4 minute read

“Ich red Engelesh!”

Zoog mir in Yiddish

By Sol Awend, GenShoah SWFL

My mom and dad were liberated from Dachau. They met, fell in love and got married. Had me and, two years later, my father died from cancer. My mom and I came to America and settled in St. Louis, Missouri where she met and married another survivor. A year later, my brother was born.

Logistics… I’ll wait a minute until it sinks in…

As a 4-year-old kid, growing up in America was an adventure, the sights and sounds of all the moving parts were so exciting. Cars, buses, fire trucks and airplanes groaning, screaming and hissing. Everywhere you went there were signs; billboards with smiling fellows lighting cigarettes for smiling women smoking. Ads for Coca-Cola were everywhere. And at night, they all lit up!

One name really stuck out from all the rest. I thought he had to be the richest person in America, because wherever you looked, there he was. His name? “Ice Crème,” pronounced “Issa Crema.” And when I really found out what, not who, it was, my whole world turned cold and chocolate chip.

Then again, thinking you know the language and knowing it are two different concepts. To me, the American adventure continued when I went to school. There was one problem. They didn’t speak Yiddish and I didn’t understand English. Neither did my parents.

It was time for lunch one Sunday afternoon, and I came home and sat down at the table, famished. “Ma! Voos iz doo t’zeh essen?!” I asked. Without skipping a beat, she answers with a straight face, “Nah, doo ost deh ah sendevahbeech!” I still see her smiling proudly. She was speaking Engelesh!
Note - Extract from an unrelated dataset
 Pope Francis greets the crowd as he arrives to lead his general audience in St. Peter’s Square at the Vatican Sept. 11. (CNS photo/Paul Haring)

But then again, it wasn’t all fun and games either. As he tells it, my dad had to take the bus for his job. He got on the bus and the driver asked him which stop he wanted. My dad stood there, paralyzed, suffering from the ailment I encountered. The driver spoke no Yiddish and my dad understood no English.
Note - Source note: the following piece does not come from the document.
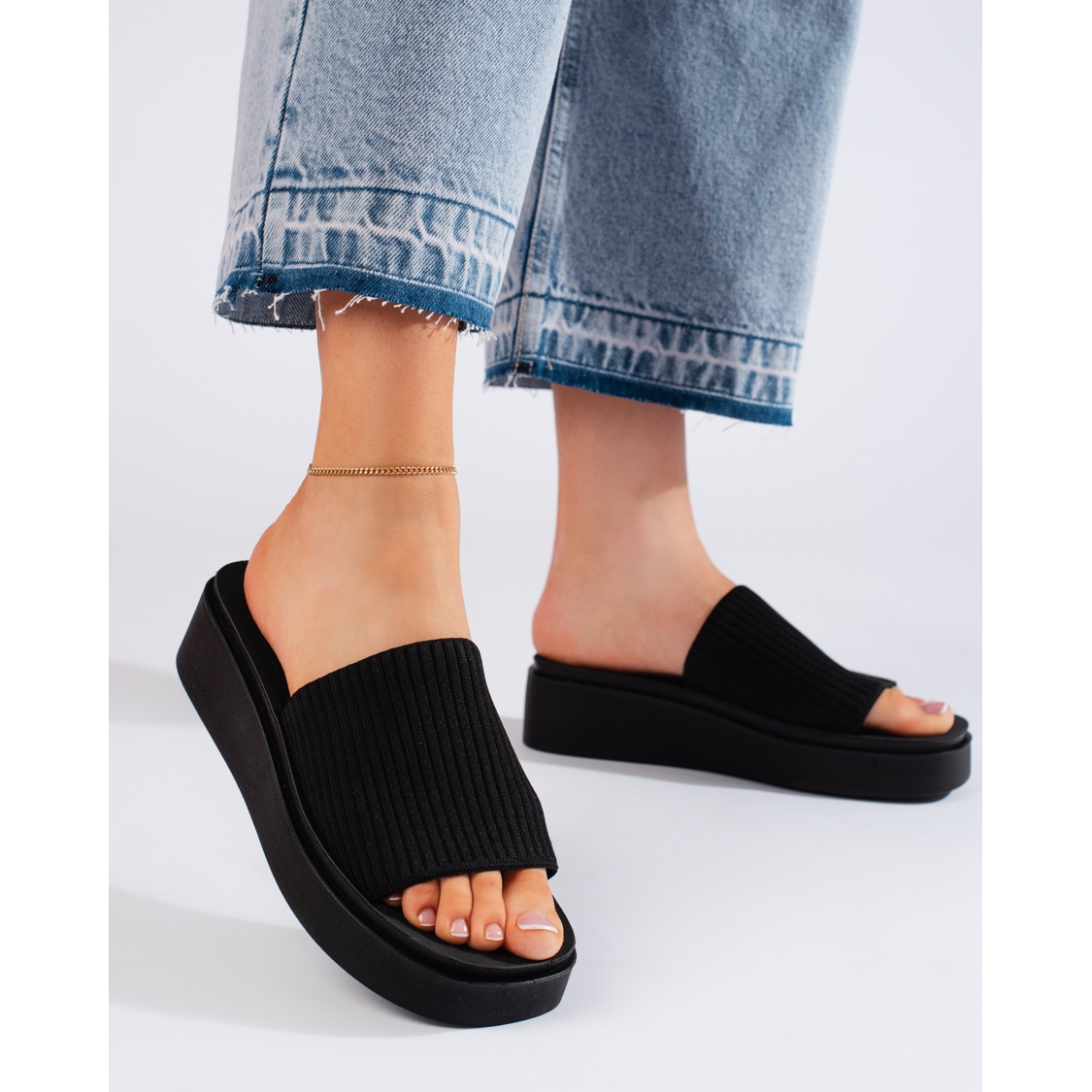 Thanks to the 5 cm high wedge, the flip-flops add optical lengthening to the silhouette, while guaranteeing stability and comfort while walking. The simple, classic design in a universal black color makes these flip-flops fit perfectly into a casual style, matching many summer styles - from everyday outfits to more elegant combinations.

I will never forget what happened some five years later in Memphis, Tennessee. Our family was visiting friends. One afternoon, the ladies went shopping; the guys were going somewhere else. It involved a bus ride and when it arrived, we got on. It was an episode of Rosa Parks in reverse.

The Black passengers were sitting towards the back of the bus, while everyone else was up front. Except for one person: My dad. He walks to the back of the bus and sits down amongst the different colored riders. There was a commotion and when he was urged to move he said, “No!”

In broken English he declared, “Vy I hev to mov? His hartz iz not like mine? Vee are deh same!” Everyone was stunned. He sat there, smiling and looking at his seat mates, who also broke out in geh laac’hteh. Even though they couldn’t really understand each other, everyone knew what would be talked about at the dinner table that night.

Perhaps one reason Yiddish has lasted for so long is its adaptability. Remember when cellphones came out? The Internet was blossoming? Terms sprouted up to identify them. An email became a blitzpost, and your cellphone became deh sellkeh. And my mom, having a name for everything, helped move the conversation along.

It seems we had somvehs to go and were hustling out the door. Cheerfully, my mom yells out, “Fah guess nisht Deh Kaakeh mykeh!” I was so caught off guard that I had tears running down my leg from laughing so hard. And there stood my mom, smiling. “Ich red Engelesh,” she commented.

I’m sure we could all compare stories and the laughter would be so healing and beneficial.

Here then, are the explanations of the words and statements from the stories above.

1. “Ma! Voos iz doo t’zeh essen?!” (Ma! What is there to eat?!)

2. “Nah, doo ost deh ah sendevahbeech!” (Here’s a sandwich!)

3. “Geh laac’hteh.” (Laughter)

4. “Ich red Engelesh!” (I’m speaking English!)

5. “Fah guess nisht Deh Kaakeh mykeh!” (Don’t forget the whatchamacallit!)